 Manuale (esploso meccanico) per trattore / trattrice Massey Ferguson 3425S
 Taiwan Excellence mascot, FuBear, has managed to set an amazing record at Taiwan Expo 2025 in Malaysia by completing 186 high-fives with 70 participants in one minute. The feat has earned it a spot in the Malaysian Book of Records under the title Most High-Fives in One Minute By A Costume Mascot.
--
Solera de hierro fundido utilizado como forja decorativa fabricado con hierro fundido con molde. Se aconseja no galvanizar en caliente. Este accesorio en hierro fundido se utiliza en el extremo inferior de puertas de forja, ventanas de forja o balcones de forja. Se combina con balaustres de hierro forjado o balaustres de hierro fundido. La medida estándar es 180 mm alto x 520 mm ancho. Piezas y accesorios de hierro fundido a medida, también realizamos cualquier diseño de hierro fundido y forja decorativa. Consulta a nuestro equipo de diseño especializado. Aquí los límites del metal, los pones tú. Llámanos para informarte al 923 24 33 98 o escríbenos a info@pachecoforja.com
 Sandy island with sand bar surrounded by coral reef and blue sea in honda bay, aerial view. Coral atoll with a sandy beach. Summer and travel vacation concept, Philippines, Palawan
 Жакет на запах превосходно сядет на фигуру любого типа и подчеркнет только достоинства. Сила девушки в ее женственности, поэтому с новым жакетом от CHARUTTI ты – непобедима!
* * *
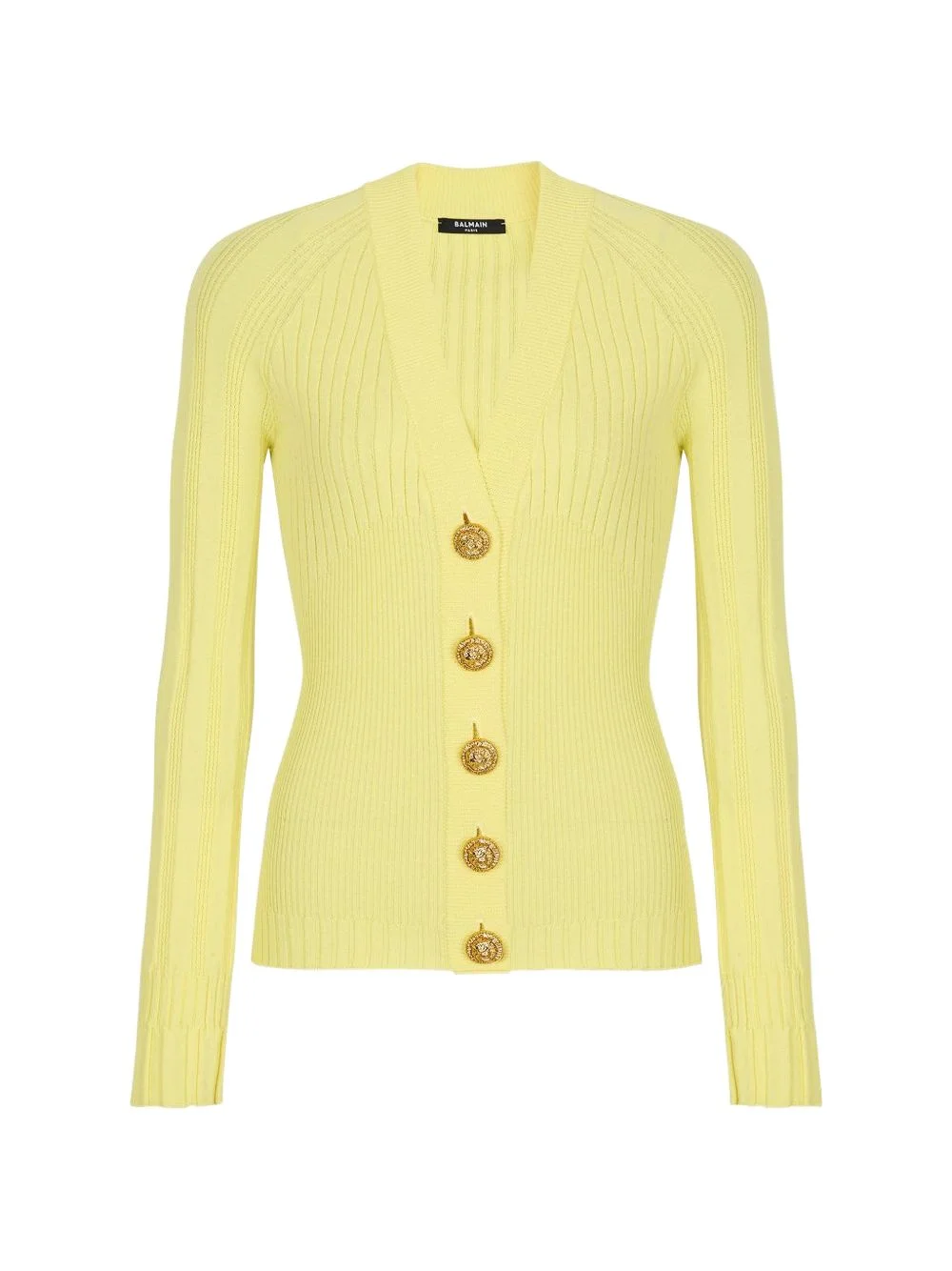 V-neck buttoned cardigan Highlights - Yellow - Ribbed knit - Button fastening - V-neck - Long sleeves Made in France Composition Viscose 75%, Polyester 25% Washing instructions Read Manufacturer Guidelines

*WHAT YOU ARE ASKED TO DO:* Reproduce exactly the lines above from the line with "Solera de hierro" to the line with "Жакет на запах", including both, and add nothing.

*OUTPUT BELOW:*
Solera de hierro fundido utilizado como forja decorativa fabricado con hierro fundido con molde. Se aconseja no galvanizar en caliente. Este accesorio en hierro fundido se utiliza en el extremo inferior de puertas de forja, ventanas de forja o balcones de forja. Se combina con balaustres de hierro forjado o balaustres de hierro fundido. La medida estándar es 180 mm alto x 520 mm ancho. Piezas y accesorios de hierro fundido a medida, también realizamos cualquier diseño de hierro fundido y forja decorativa. Consulta a nuestro equipo de diseño especializado. Aquí los límites del metal, los pones tú. Llámanos para informarte al 923 24 33 98 o escríbenos a info@pachecoforja.com
 Sandy island with sand bar surrounded by coral reef and blue sea in honda bay, aerial view. Coral atoll with a sandy beach. Summer and travel vacation concept, Philippines, Palawan
 Жакет на запах превосходно сядет на фигуру любого типа и подчеркнет только достоинства. Сила девушки в ее женственности, поэтому с новым жакетом от CHARUTTI ты – непобедима!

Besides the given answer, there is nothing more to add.